**Records from a data source**
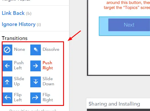 添加好跳转之后,再选择您需要的转场效果,flinto提供了最常用的几种方式:淡入,左侧滑入,右侧滑入,向上弹出,向下收起,左边翻转,右边翻转。虽然方式简单,但是都极为流畅。
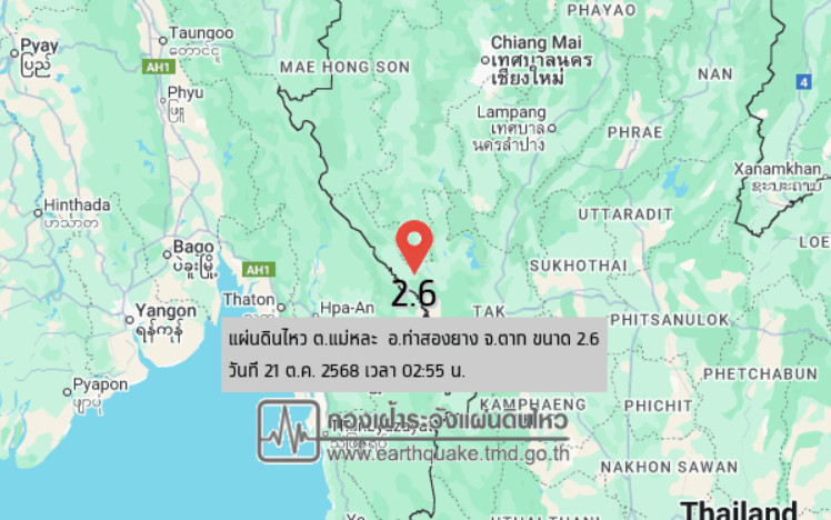 แผ่นดินไหวขนาด 2.6 ในพื้นที่ท่าสองยาง จังหวัดตาก
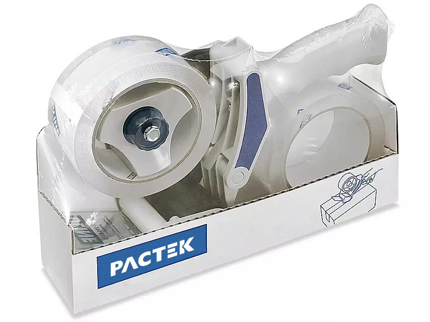 Includes two rolls of S-14564 Pactek Clear Carton Sealing Tape with H-157 Pactek Top Gun Dispenser.
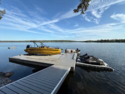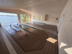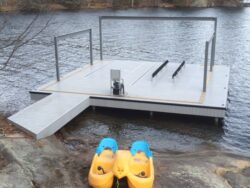 R&J Machine manufactured Commercial Floating Dock system includes a Hidden Wet Slip Lift with Roof, Tapered Ramp leading out from an Aluminum Truss Pipe Dock, and Wave Ports
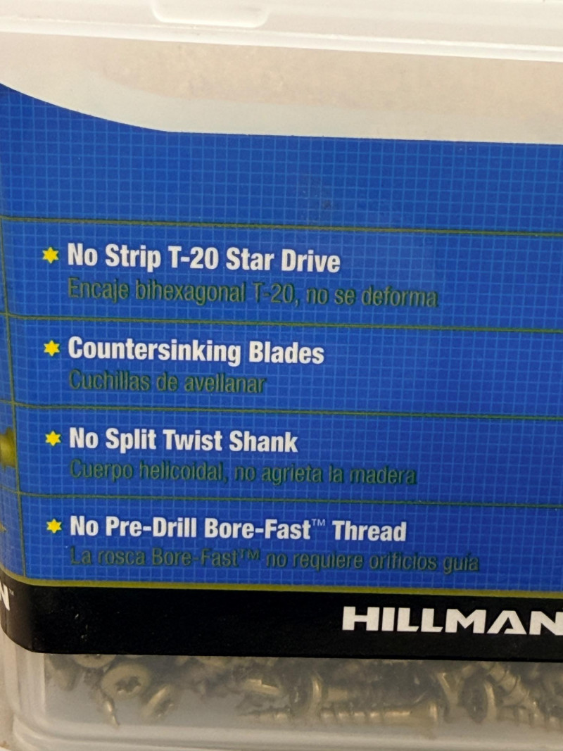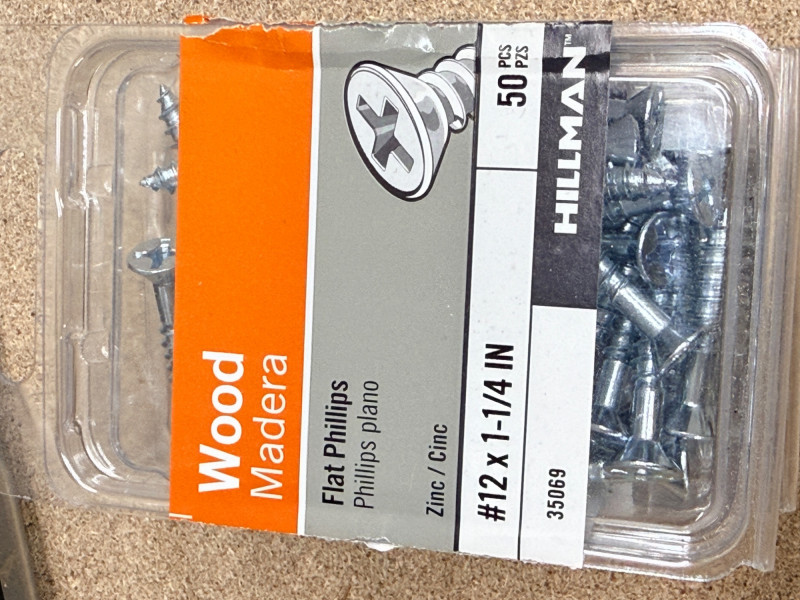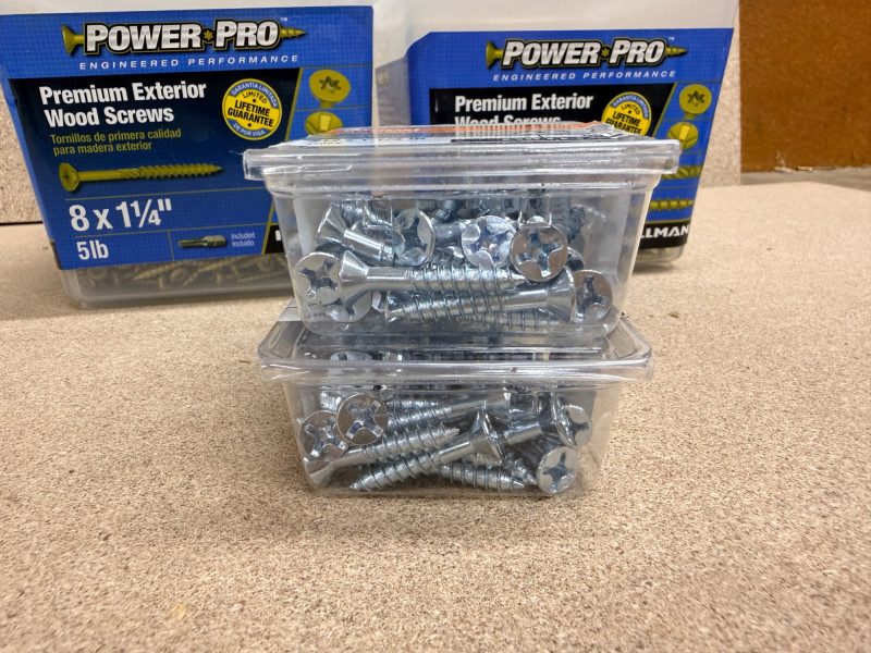 Hillman Power Pro Premium Exterior Wood Screws 8x1-1/2”. One unopened. Hillman Wood screws flat Phillips #12x 1-1/4”. One unopened.
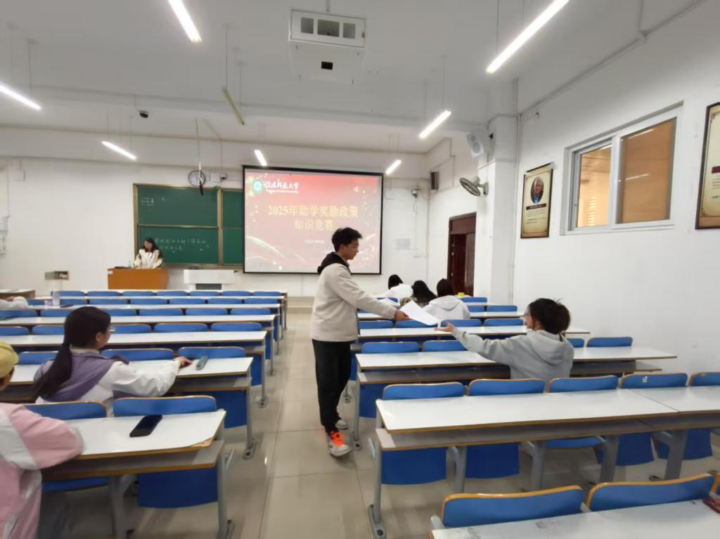 3 月 22 日 18:00 至 19:00,信阳师范大学学生工作部(处)资助管理中心携手韦德(中国)体育联合举办的信阳师范大学第一届“资助育人・放飞梦想”资助政策知识竞赛,在谭山校区社会科学楼324、325 教室顺利开展。本次竞赛面向校本部全体学生。
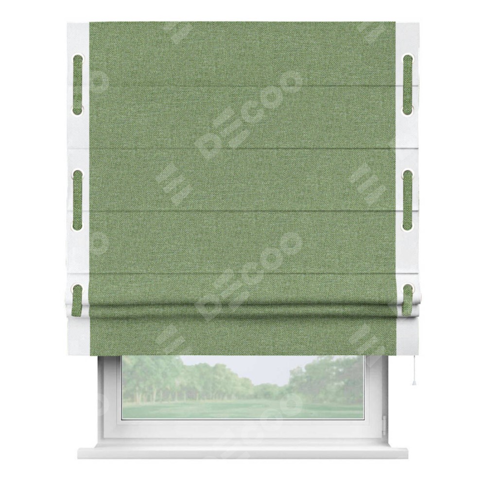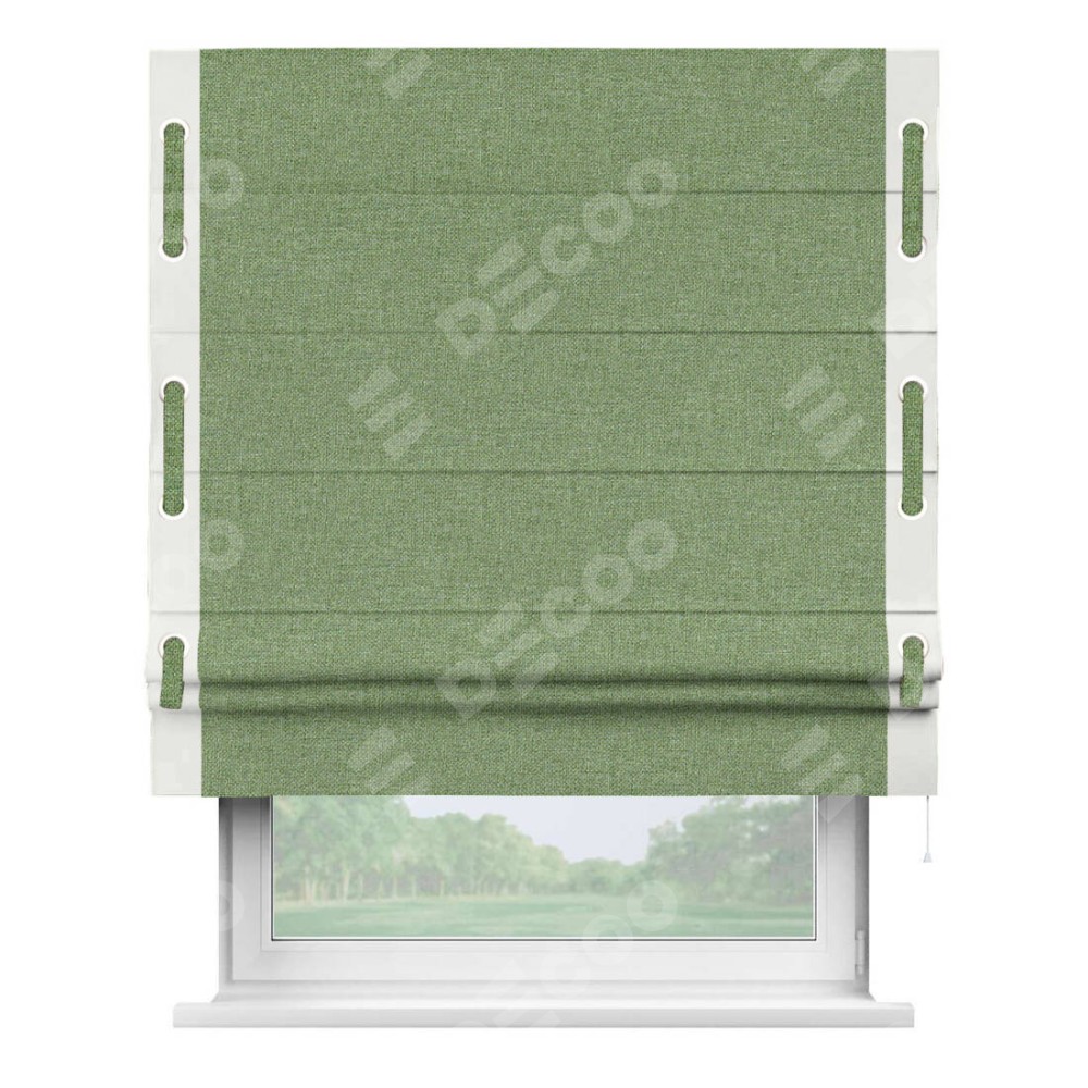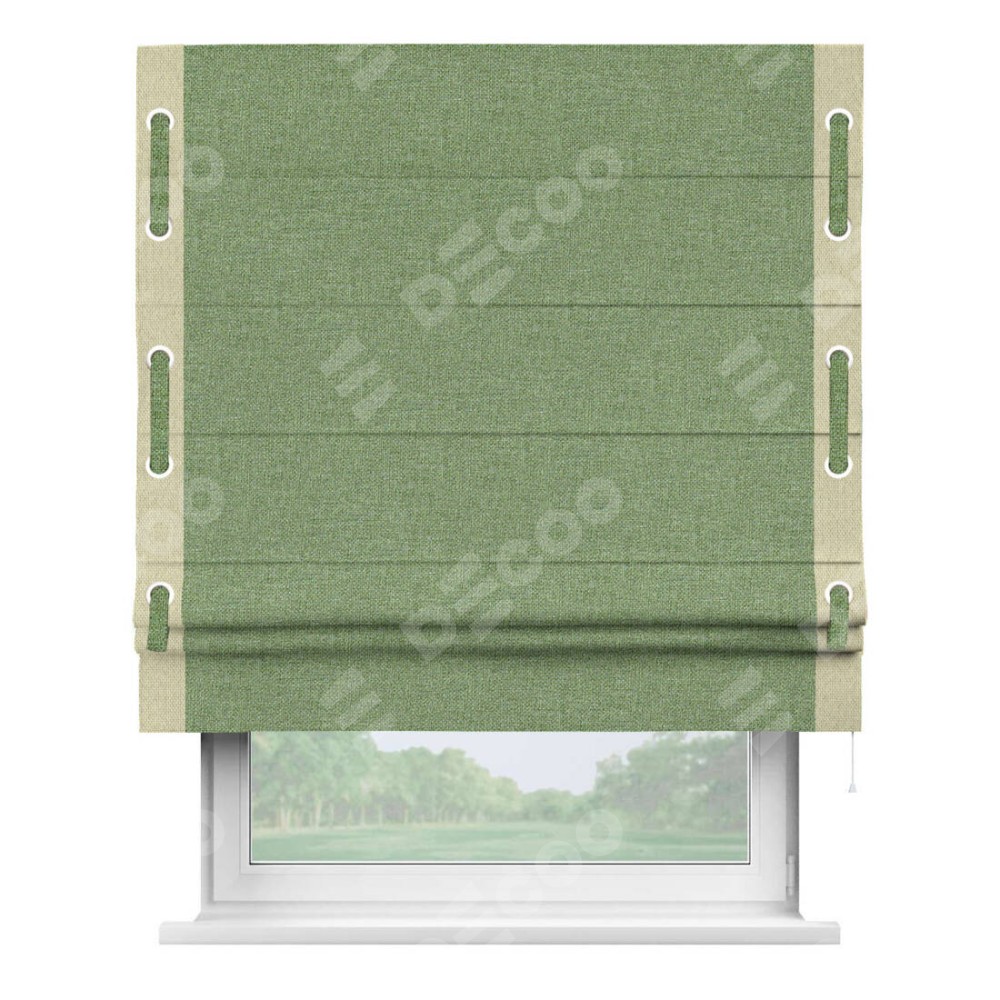 Римская штора «Cortin» для проёма, лён димаут светло-салатовый с кантом Стрим Дуо (люверсы с пояском)
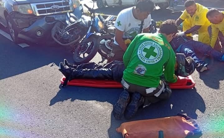 De acuerdo con el reporte de los socorristas de Cruz Verde Salvadoreña, seccional Santa Anita, los motociclistas fueron colisionados en la parte trasera por una camioneta, lo que provocó que ambos cayeran sobre la vía.

**The problem**
Make a word-for-word copy of the records above, excluding all pictures.

**Solution**
 添加好跳转之后,再选择您需要的转场效果,flinto提供了最常用的几种方式:淡入,左侧滑入,右侧滑入,向上弹出,向下收起,左边翻转,右边翻转。虽然方式简单,但是都极为流畅。
 แผ่นดินไหวขนาด 2.6 ในพื้นที่ท่าสองยาง จังหวัดตาก
 Includes two rolls of S-14564 Pactek Clear Carton Sealing Tape with H-157 Pactek Top Gun Dispenser.
 R&J Machine manufactured Commercial Floating Dock system includes a Hidden Wet Slip Lift with Roof, Tapered Ramp leading out from an Aluminum Truss Pipe Dock, and Wave Ports
 Hillman Power Pro Premium Exterior Wood Screws 8x1-1/2”. One unopened. Hillman Wood screws flat Phillips #12x 1-1/4”. One unopened.
 3 月 22 日 18:00 至 19:00,信阳师范大学学生工作部(处)资助管理中心携手韦德(中国)体育联合举办的信阳师范大学第一届“资助育人・放飞梦想”资助政策知识竞赛,在谭山校区社会科学楼324、325 教室顺利开展。本次竞赛面向校本部全体学生。
 Римская штора «Cortin» для проёма, лён димаут светло-салатовый с кантом Стрим Дуо (люверсы с пояском)
 De acuerdo con el reporte de los socorristas de Cruz Verde Salvadoreña, seccional Santa Anita, los motociclistas fueron colisionados en la parte trasera por una camioneta, lo que provocó que ambos cayeran sobre la vía.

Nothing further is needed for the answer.